Let animals brighten your day in self-isolation with virtual zoo encounters

Apr 08, 2020
People can tune in and watch animals frolicking about in zoos from the comfort of their own homes. Source: YouTube/ Sea Life Sydney Aquarium and Facebook/ Australia Reptile Park

There’s no denying self-isolation can become a little tedious after a few weeks, having already worked your way through a list of “must-watch” Netflix shows and cleaned everything from top to bottom. But now there’s a new way to pass the time, as zoos across the country have set up cameras in animal enclosures and are live-streaming the animals’ antics via the Internet.

So, instead of sitting around feeling bored, you can watch everything from penguins and lions to farm animals such as goats and chickens enjoying themselves throughout the day. Better yet, it’s completely free and some even include educational sessions about the creatures that you can pass on to the grandkids.

Zoos Victoria

Bored of Netflix, Stan and Foxtel? Fear not, as Zoos Victoria has created the perfect way to bring some happiness to your life during these trying times.

Cameras have been set up in Melbourne Zoo and Werribee Open Range Zoo, giving people across the globe the chance to watch animals frolicking about throughout the day from the comfort of their own home.

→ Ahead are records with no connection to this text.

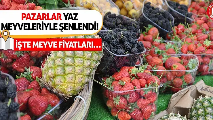 Yaz ayının yaklaşmasıyla birlikte pazaryerleri yaz meyveleriyle renklenmeye başladı. Erik, çilek, kiraz, kayısı, karadut, badem, karpuz, yaban mersini, mango ve yenidünya gibi birçok yaz meyvesi tezgâhlarda alıcılarını bekliyor.
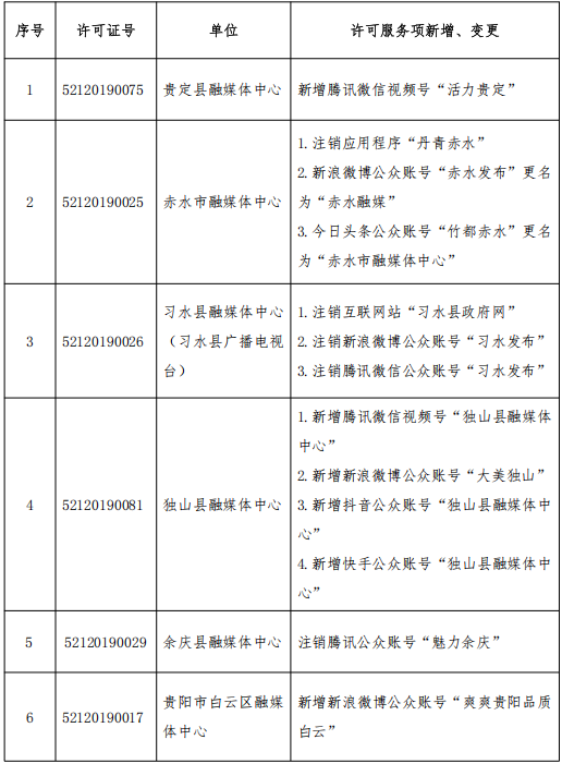 2025年12月,贵州省互联网信息办公室依法对相关单位提交的许可服务项新增、变更申请开展审批,同意有关许可服务项新增、变更事宜,现公示如下:
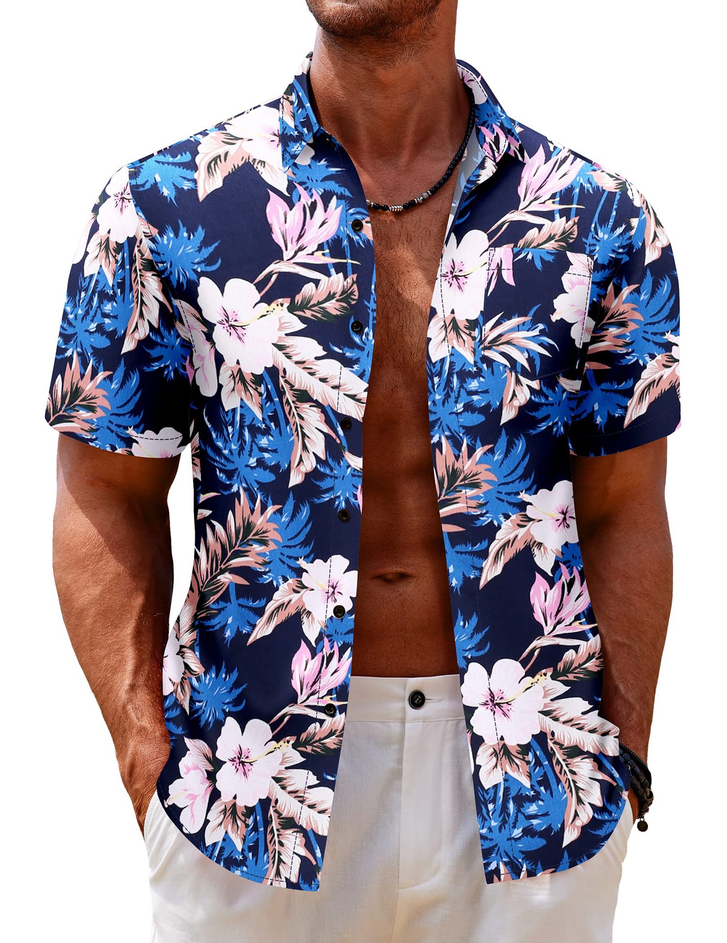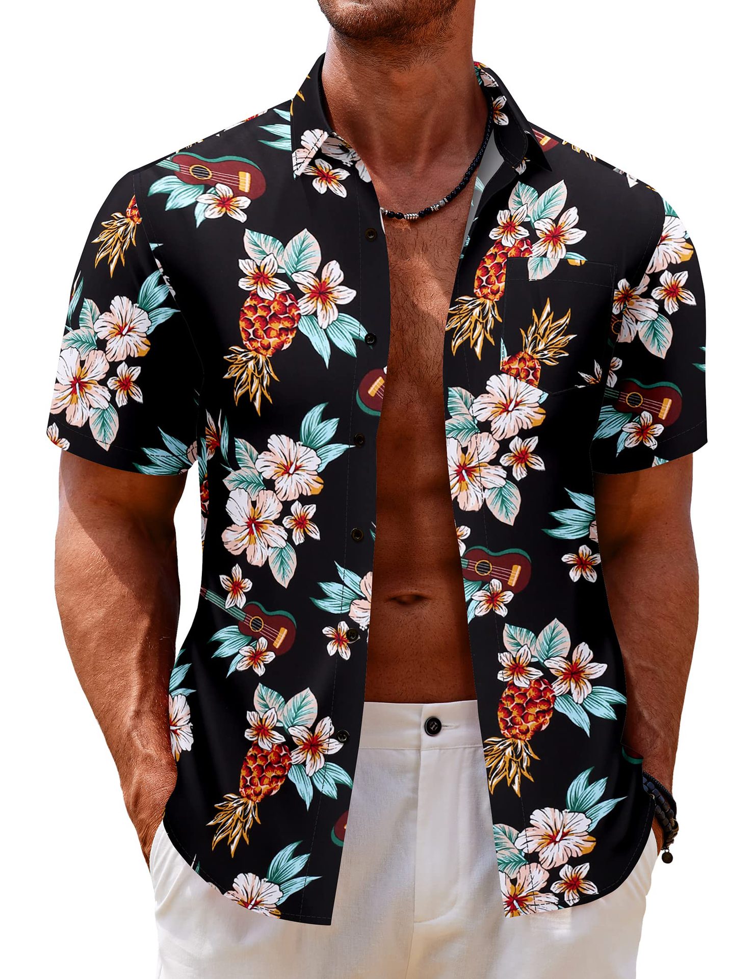 여름 유럽과 미국의 대외 무역 하와이 남성 캐주얼 반팔 옷깃 포켓 3D 프린트 셔츠 스트레이트 헤어스토어 가기

https://www.youtube.com/watch?v=DiQaOlsDZlY&feature=emb_title

From adorable snow leopard cubs and penguins to zebras and lions, the animals are on full display for the public to view at any time of the day. All the live-streams are available through the Zoos Victoria website 24/7. However, you may have to check back a few times throughout the day to catch a glimpse because the cameras can’t capture the whole enclosure and, like humans, they enjoy wandering about their enclosures.

Sea Life Sydney Aquarium

If you’re a grandparent then you’ve probably heard of the movie Happy Feet. It features some adorable penguins, one in particular who is struggling to fit in with the rest of his clan. The animated movie is a big hit, but do you know what’s even better? Watching real penguins strolling about in real time.

With its doors currently closed to the public, the Sea Life Sydney Aquarium is live-streaming its animals instead, including the penguins and a Dugong called Pig. The videos also feature talks by some of the keepers who care for the animals. So, even though you might not be able to see your grandkids at the moment you can watch the videos from the safety of your own homes and help them to learn about the cute creatures.

Edgar’s Mission

If you want to help out a not-for-profit organisation, while also bringing some joy to your life, you can tune into Edgar Mission‘s regular live-stream of its cute farm animals. The Victorian animal shelter has, like many other places, been forced to close amid the Covid-19 outbreak and it needs all the support it can get during these tough times.

While many won’t have any extra money to donate to the shelter, you can simply show your support by watching and sharing the videos uploaded to the Edgar Mission Facebook page. And trust us – they will brighten your day.

In the videos you’ll see goats, chickens, pigs and sheep getting their daily feed, as well as some commentary from organisation founder Pam Ahern.

Australian Reptile Park

The popular Australian Reptile Park in New South Wales is keeping Aussies happy with the launch of its daily live-streams and education sessions for children in self-isolation across the country. Each day live videos are posted to the park’s Facebook page featuring different animals and talks by the park’s keepers.

One of the first to be streamed featured Hugo the tortoise, while others have given viewers an insight into Tasmanian Devils and Tawny Frogmouths. The videos are great for the grandchildren to enjoy, as well as you, and can help keep you connected to nature.

The live-streams are published to the park’s social media page from Monday to Friday at 2pm, while the educational sessions are posted at 10am.

How are you keeping yourself entertained in self-isolation? Have you watched any of the zoo live-streams?